A Facebook post recently caught my attention: “Hometown is where our story begins.”
My story begins in San Jose, Nueva Ecija, where I was born and raised during the exciting 1940s and 1950s.
San Jose was a fast-developing town toward the end of the 1930s and at the onset of the 1940s. Its vast uncleared land suitable for agriculture was attracting settlers from other towns in Nueva Ecija and neighboring provinces (according to Wikipedia).
My father told me that when World War II erupted on Dec. 8, 1941, San Jose turned into a huge evacuation center. Then, on Dec. 23, 1941, Japanese fighter planes bombarded San Jose’s main structures while Japanese soldiers stormed into town. The enemy attack left a number of people dead and part of the town in ruins.
Because my mother then was eight months pregnant with me, my father decided to move her away from the hostilities. On Christmas Eve, he transported my mother and two older siblings in a kalesa to the safety of Porais, a barrio south of the poblacion where they celebrated Christmas and waited for my birth.
A month later, I was born in a time of war in Porais, San Jose, Nueva Ecija on Jan. 22, 1942.
I have dim memories of the war years. But I clearly remember that the war had already ended when my family went back to our old neighborhood in Ramos street, where I made fond memories of my childhood.

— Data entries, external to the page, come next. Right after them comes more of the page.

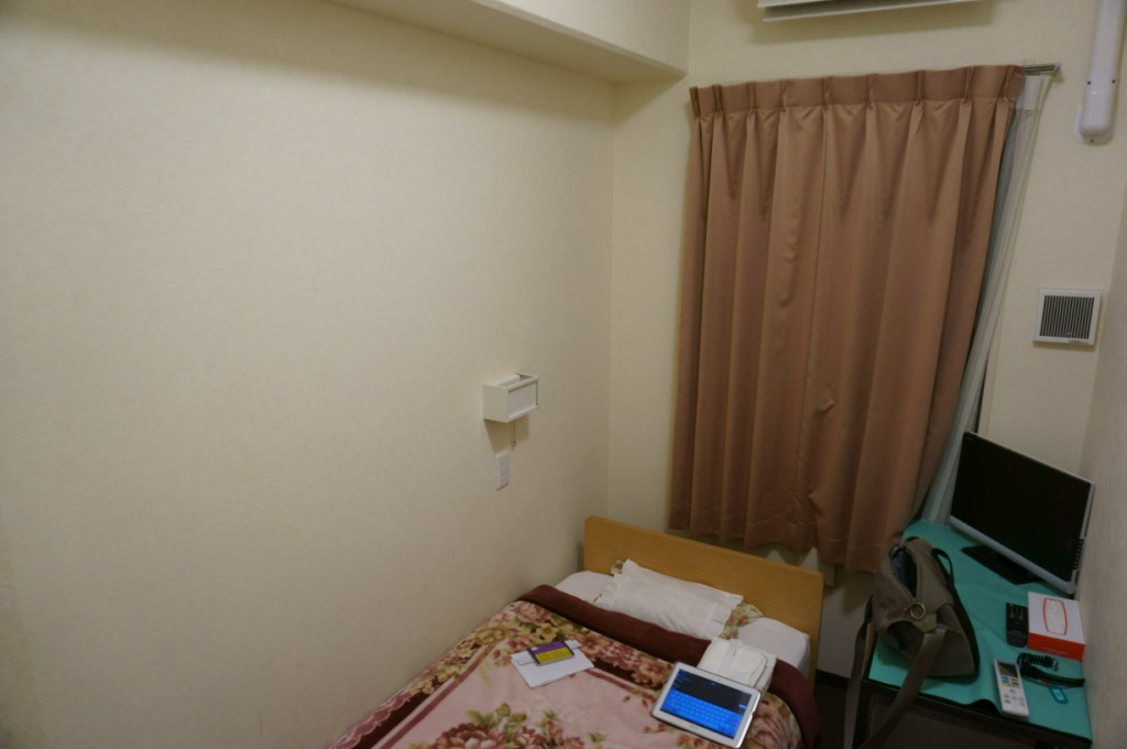 ที่ Palace Tokyo เป็นโรงแรมแบบห้องน้ำรวม แต่ดูยังใหม่อยู่เลย ห้องนอนก็ยิ่งเล็กลงไปอีก เพราะตัดห้องน้ำออกไป
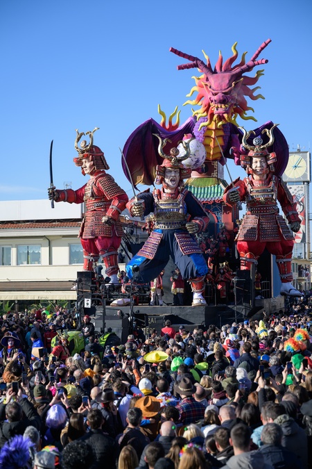 First masked parade of the Viareggio Carnival 2026. In the photo, the first category float "The Samurai of Power" by Luigi Bonetti with the masks of Trump, Putin and Xi Jinping dressed as samurai . Viareggio, Italy 01 Feb 2026, Credit:Stefano Dalle Luche / Avalon
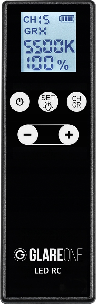 Все светодиодные лампы Glareone оснащены радиоприемником, совместимым с пультом дистанционного управления RC, что означает, что можно изменить как яркость света, так и его цветовой температурой. Кроме того, дистанционное управление поддерживает 16 каналов связи и до 10 групп ламп. Это особенно полезно, когда вы используете обширные наборы освещения или когда доступ к панели управления лампой сложно.
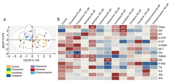 Several guideline suggested first-line drugs that treat NVS diseases have been screened for their regulatory potential of gut microbiota [51]. Sertraline and fluoxetine are selective serotonin reuptake inhibitors (SSRIs), and imipramine is a nerve terminal reuptake inhibitor; the indications of these three drugs are depression in adults. Levodopa is a typical anti-Parkinson’s disease drug, using direct transmitter supplementation. Clozapine is a nonclassical neuroblocker for schizophrenia, and chlorpromazine is an antagonist of central dopamine receptors in alleviating schizophrenia symptoms. In Figure 4a, all the samples are within the 95% confidence level, and among them, sertraline, imipramine, and chlorpromazine exhibited preferable regulatory potential for neurotransmitters and metabolites. The transmitters or metabolites that showed variations in level are shown in the heatmap (Figure 4b). Both groups of the SSRIs showed a significant increase in the levels of GABA (p < 0.001) and Dopa (p < 0.01 and p < 0.001), an increase in DA plus KN, and a decrease in Glu in the gut microbiota. High-dose imipramine (100 μM) showed an obvious downregulation of the KYNA/KN ratio (p < 0.001). Levodopa did not have an obvious effect on the metabolites in the Trp or Glu pathways, and similar results were observed in the clozapine groups. In addition, the high dose of chlorpromazine induced the production of DA (p < 0.05) and KN (p < 0.01), and simultaneously decreased the Glu level (p < 0.05) in the gut microbiota.
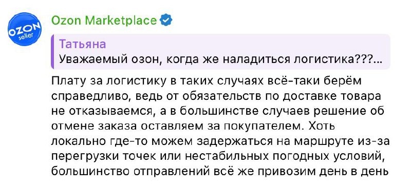 Ozon и логика обязательств по доставке Официальный аккаунт Ozon в тг написал интересное: да, доставка может задерживаться из-за перегрузки маршрутов или других факторов, но ведь товар всё-таки привозят — значит обязательства выполнены. Поэтому возвраты по таким заказам компенсировать не будут. На мой взгляд — это прям классика двойных стандартов. 📌 Для FBS всё работает иначе: если продавец передал заказ позже — он платит повышенную комиссию маркетплейсу. Но по логике самого Ozon обязательство ведь тоже выполнено — заказ передан, пусть и позже. То есть когда маркетплейс задерживает — «мы всё равно доставили, значит всё нормально». А когда селлер задержал — «штраф и повышенная комиссия». Видите разницу? 😉 Marketplace_biz - отдай свой буст каналу

Then came my first classroom experience. Schools reopened in June 1946 and I sat as a 4-year-old saling-pusa in my sister Elena’s Grade 1, section 1 class under Ms Luisa Reyes, the most sought-after teacher then at San Jose Central School. And I am proud to say Lino Brocka was also a member of that class. (Brocka is the acclaimed movie director and National Artist for Film. He wrote and directed “Tinimbang Ka Ngunit Kulang,” an award-winning movie based on the life story of Kuala, San Jose’s faceless town character in the 1950s.)
Two years later, in 1948, I was sitting once again in Miss Reyes’ Grade 1, Section 1 class. No longer a saling-pusa but a proud Grade 1 pupil.
I completed elementary studies at San Jose Central School in 1954, and high school at the Catholic-run St. Joseph School in 1958.
I created the most cherished memories of my teenage years in St. Joseph: classroom mischief, first crush, first bike ride, dance parties and barkada escapades. And I will always remember the finest English teacher then at St. Joseph, who pounded into me the basics of grammar and composition: Mrs. Bernardina Salvador.
In the 1950s, the people of San Jose resumed their war-interrupted lives and moved on with hope for a brighter future. With relative peace in place, the town continued to progress and local businesses started to flourish. Movie houses went up and commercial establishments mushroomed along the main highway, particularly across the public market.
The marketplace itself became a beehive of business activities on Sundays. Traders from nearby towns and barrios would come and sell newly picked fruits and fresh vegetables, live chickens and the latest catch of dalag, hito and other freshwater fish.
Available public transportation also helped San Jose’s rapid development in the ’50s. The Manila Railroad Company (Philippine National Railways today) operated its Tutuban to San Jose line daily, while its overland counterpart, the Luzon Bus Line, ran regular trips from San Jose to Manila and vice versa. Pantranco maintained a route to Pangasinan, while Rural Transit went all the way up to Isabela. Horse-driven kalesa ferried people around town, while carabao-drawn kariton transported folks from the barrios to the poblacion.
I left San Jose in 1958 after high school to further pursue God’s plan for me elsewhere.
Today, 61 years later, San Jose is a bustling city, and feels different from the small town I knew before. But no matter, it is still the hometown where my story begins.